Earnings reports over the past few weeks have broadly been in line with (lowered) expectations, which caused investors to nibble at stocks that will benefit from an economic recovery. However, even if earnings have probably bottomed in 1H02 there is little doubt that such a recovery will, at best, be muted. Hence, markets will remain volatile within a wide range. We believe that the latest rally has led markets to a level where valuations offer limited upside potential. From a trading point of view we would start taking profits.
This week's highlight will be the release of the IFO German Business Confidence Index for August. The consensus is looking for a figure of 89.5 versus 89.9 in July and a recent high of 91.6 in May. A shortfall in these figures could be the trigger for profit taking.

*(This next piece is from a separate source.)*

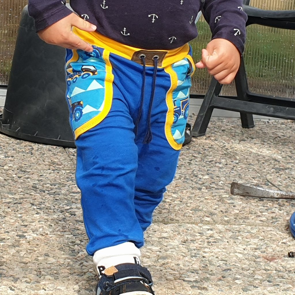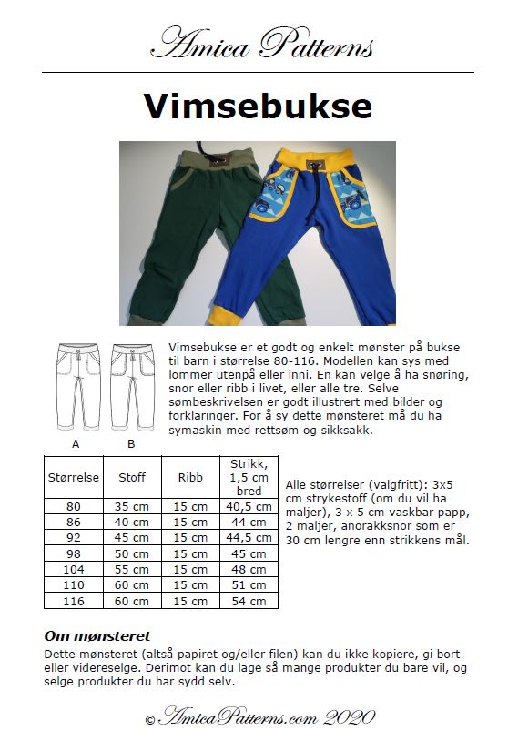 Jeg har laget et nytt mønster – nemlig Vimsebukse! Det er et fleksibelt mønster, du velger selv om du vil ha lommer utenpå eller inni (kan også droppes), i linningen er det ribb, du kan i tillegg ha strikk og anorakksnor – her også velger du det som passer best.

After strong declines in early August cyclicals managed to rebound over the last week. We feel that current valuation levels already reflect a recession. Our favourite cyclicals remain Stora Enso (STERV FH; EUR 12), Arcelor (LOR FP; EUR 12.65) and Adecco (ADEN VX; CHF 73.20).

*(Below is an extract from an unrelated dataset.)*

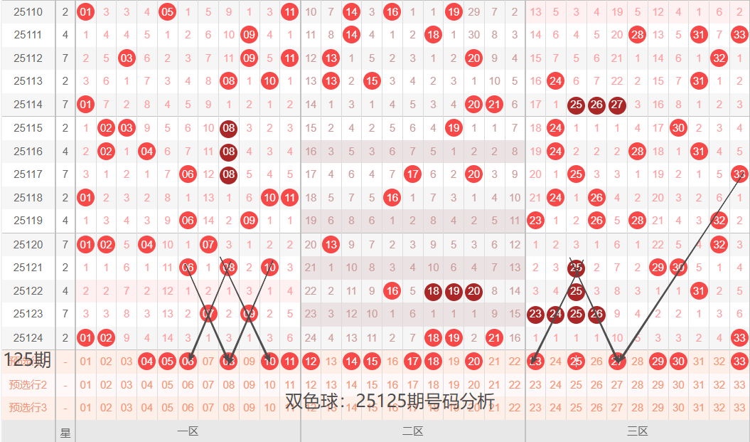 先介绍下上期开奖号码的基本情况,红球奇偶比:4:2,区间比:2:3:1,012路比:3:2:1,通过上期号码简单介绍,分享下25125期号码球个人认为的出号可能,供大家参考!

Adecco posted a 20% rally over the past three weeks. While we believe that this might cause some short-term profit taking we remain convinced that the current stock price does not fully reflect the long-term potential of this best-positioned company. After the recent downward revision earnings estimates are well below trend, which offers scope for potential surprises. Recent data shows that US staffing volumes are starting to pick up from their lows and Adecco has confirmed its key markets, USA and France, have bottomed out and are now in positive territory. We believe that Adecco has gained market share in the recent downtrend. This and its lean structure make the company well positioned to benefit from an eventual recovery. We would use the upcoming consolidation period to buy the stock.
A growing perception that the flood catastrophe in Germany would not seriously affect most insurance companies led to a nice rally in the sector (+7.58%). However, estimates about the total damages are climbing higher by the day. At this initial stage, it seems that just 10%-15% of the total loss (estimates range between EUR 15-25bln) may be insured. Allianz (ALV GY; EUR 142.16) remains the most exposed among the bigger insurance companies. Estimates for Allianz about potential damage claims have now reached a level of EUR 250 million. Rather than these claims we remain concerned about the high sensitivity of Allianz' share price to the equity market. A continuing fall in equity markets could lead Allianz to reduce its equity market exposure to protect its balance sheet. Insurance stocks remain the sector most heavily geared to the equity market. Given our cautious stance of equity market we remain cautious on insurance stocks. CSFB has reduced earnings estimates for Allianz for 2002 and 2003 by 20% and 40% respectively to EUR 3.07 and EUR 6.63 but reiterated its estimate for 2004 of EUR 16, which makes the stock attractive over the longer period.